Example 2: A researcher is interested in how variables, such as GRE (Graduate Record Exam scores), GPA (grade point average) and prestige of the undergraduate institution, effect admission into graduate school. The outcome variable, admit/don't admit, is binary.

Related Questions

Question : Refer to the exhibit.
You are using K-means clustering to classify customer behavior for a large retailer. You need to
determine the optimum number of customer groups. You plot the within-sum-of-squares (wss)
data as shown in the exhibit. How many customer groups should you specify?

1. 2
2. 3
3. Access Mostly Uused Products by 50000+ Subscribers
4. 8

Question : Refer to the exhibit.
Click on the calculator icon in the upper left corner. You are given a list of pre-defined association
rules:
A) RENTER => BAD CREDIT
B) RENTER => GOOD CREDIT
C) HOME OWNER => BAD CREDIT
D) HOME OWNER => GOOD CREDIT
E) FREE HOUSING => BAD CREDIT
F) FREE HOUSING => GOOD CREDIT
For your next analysis, you must limit your dataset based on rules with confidence greater than
60%.
Which of the rules will be kept in the analysis?

1. Rules B and D
2. Rules A and F
3. Access Mostly Uused Products by 50000+ Subscribers
4. Rules D and E

Question : Refer to the exhibit.
You are using k-means clustering to discover groupings within a data set. You plot within-sum-ofsquares
(wss) of multiple cluster sizes. Based on the exhibit, how many clusters should you use in
your analysis?

1. 2
2. 8
3. Access Mostly Uused Products by 50000+ Subscribers
4. 10

Question : Refer to the exhibit
Consider the training data set shown in the exhibit. What are the classification (Y = 0 or 1) and the
probability of the classification for the tupleX(0, 0, 1) using Naive Bayesian classifier?

1. Classification Y = 0, Probability = 1/54
2. Classification Y = 1, Probability = 1/54
3. Access Mostly Uused Products by 50000+ Subscribers
4. Classification Y = 0, Probability = 4/54

Question : Refer to the exhibit.
In the exhibit, a correlogram is provided based on an autocorrelation analysis of a sample dataset.
What can you conclude from only this exhibit?

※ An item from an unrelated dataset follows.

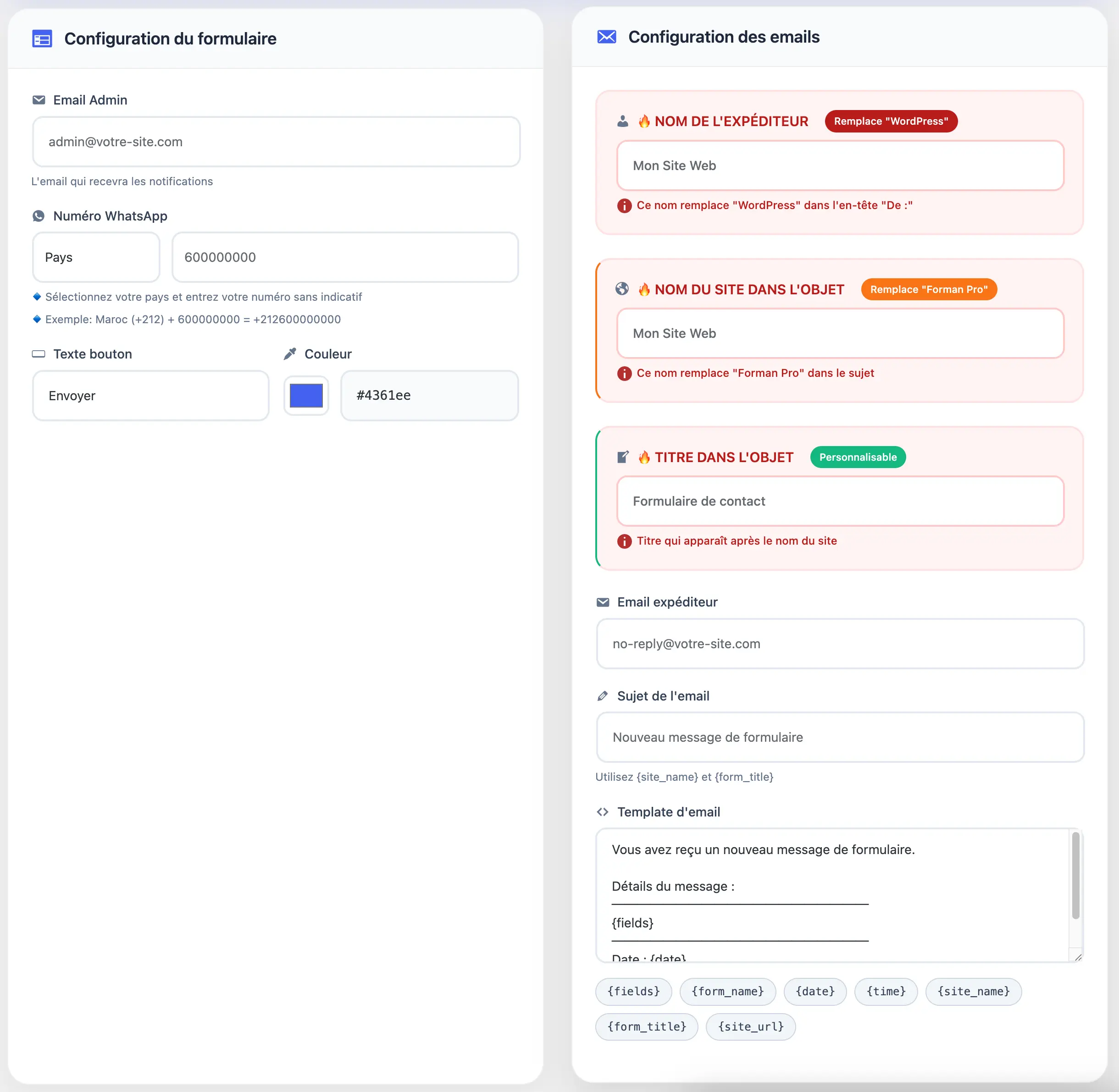 Le plugin met l’accent sur la rapidité, la simplicité d’utilisation et l’efficacité. Au lieu de stocker uniquement les données ou d’envoyer des emails parfois ignorés, Forman Pro transforme chaque interaction en échange immédiat.

1. There is no structure left to model in the data
2. Lag 7 has a significant negative autocorrelation
3. Access Mostly Uused Products by 50000+ Subscribers
4. Differencing is required before proceeding with any analysis

Question : Refer to the exhibit
Which type of data issue would you suspect based on the exhibit?

1. "Saturated" data, indicating potential issues with data definitions
2. Incomplete data, indicating potential issues with data transmission
3. Access Mostly Uused Products by 50000+ Subscribers
4. The exhibit does not raise any obvious concerns with the data.